У Лопухиных меня любили, к семье я прижился. Житейски мне было у них очень хорошо. С детьми не трудно, а к жизни взрослых я присматривался не без интереса.

За столом велись оживленные беседы. Обсуждались текущие вопросы русской общественной и политической жизни, но уделяли внимание и европейским политическим событиям, о которых были хорошо осведомлены, — так, например, следили за борьбой политических партий во французском парламенте по французской газете, которую получали. В семье Лопухиных мне довелось встретить Л.Н.Толстого, его друга Николая Васильевича Давыдова, князя Георгия Евгеньевича Львова и Михаила Александровича Стаховича… Как–то раз Толстой со Стаховичем пришли из Москвы в Тулу пешком в лаптях и наследили лаптями на коврах; лакеи потом ворчали: «Дурят господа…»

С.А.Лопухин был человек прекрасной души, но немного ленивый. Любил играть со мной в игру, которая называлась «хальма», и так ею увлекался, что способен был забыть о каком–нибудь нужном деле.

Пребывание у Лопухиных, несомненно, дало мне некоторое общественное развитие, равно как и расширило круг моего познания русского общества. Я попал в новый, неведомый мне мир. Богатство, комфорт, самоублажение, культ земного благополучия… Духовное мое воспитание определяло угол зрения, под которым все окружающее я рассматривал. Меня удивляло, когда какое–нибудь подгорелое блюдо могло быть событием, о котором говорят; что внешнее благоустройство — предмет культа; что к практике церковного благочестия относятся как–то вольно и с соблюдением привычного комфорта: накануне больших праздников устраивали всенощные у себя в доме, чтобы не затруднять себя поездкой в церковь… Помню, как удивило меня, когда С.А.Лопухин и гувернантка–француженка, постояв 5 минут на заутрени, ушли (голова закружилась), а когда мы вернулись, они уже разговелись.
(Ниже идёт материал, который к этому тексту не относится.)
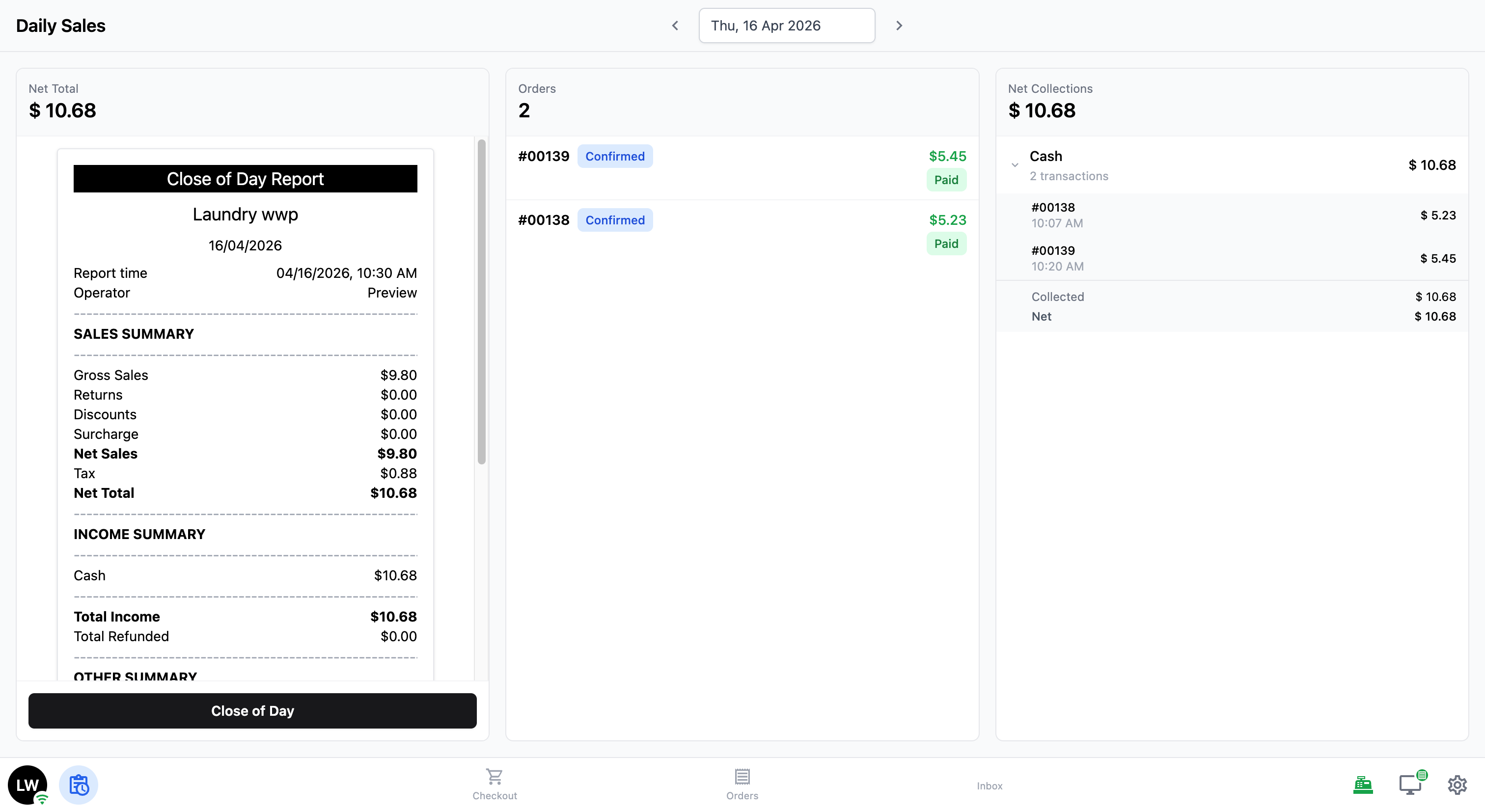 At the end of each business day, you will want to close out your sales and see a summary of how much money came in. The Close of Day report gives you a full breakdown — total orders, total sales, income by payment method (cash, VISA, NETS, bank transfer), and any outstanding balances.
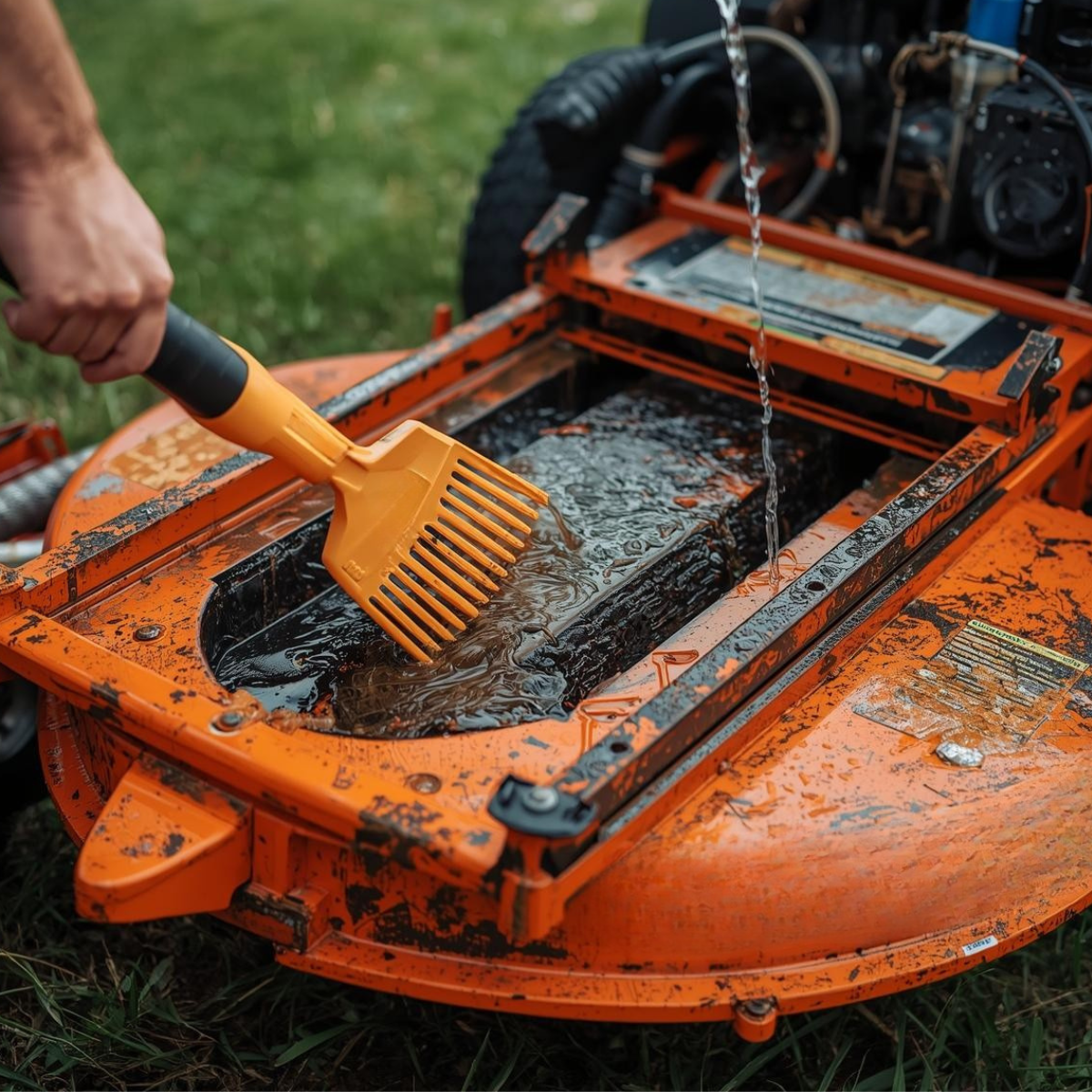 A clean deck fights rust, yet your wash method can harm components. Avoid blasting water into bearings, electrical connectors, and control switches. Instead, scrape thick buildup first with a plastic putty knife or stiff brush. Then, rinse lightly and use mild soap on the residue around baffles and corners. If your deck has a wash port, follow the steps and use low pressure. After washing, dry the deck with towels, a blower, or compressed air. Next, run the blades briefly, so the airflow clears hidden moisture under the shell. Then, touch up chips with paint, because bare steel rusts in humid sheds. Also, wipe the underside with a thin rust inhibitor or silicone spray. However, keep spraying off belts and pulleys, because a slip causes failure. Finally, park with the deck raised, so air moves and dries trapped spots. Bob’s Tractor Parts can supply deck wash items, blades, and rust products for storage.

Церковь не отвергалась, но в обиходе жизни занимала очень скромное, незаметное место.

Как на барских «хлебах» после академических «харчей» мне приятно ни было, но душа тревожилась, чуя в новых условиях жизни опасность — незаметно растерять все духовные стремления, обмирщиться, стать любителем бифштексов, уклониться от намеченного пути… Удобная, благополучная жизнь, культ земного я воспринял, как искушение: стал бояться, что окружающее довольство меня засосет и я пропаду. О своих опасениях я писал архимандриту Антонию.

Долгожданное извещение о назначении в г.Ефремов на должность помощника смотрителя духовного училища я принял с большой радостью. Лопухины удерживали меня, уговаривали остаться в Туле, обещая использовать связи и устроить меня либо в суде, либо в гимназии преподавателем литературы. Я с благодарностью их предложение отклонил и стал собираться в Ефремов: заказал вицмундир с серебряными пуговицами, приобрел фуражку с кокардой… Лопухинские мальчики, увидав на мне впервые этот наряд, приветствовали меня веселым «ура!».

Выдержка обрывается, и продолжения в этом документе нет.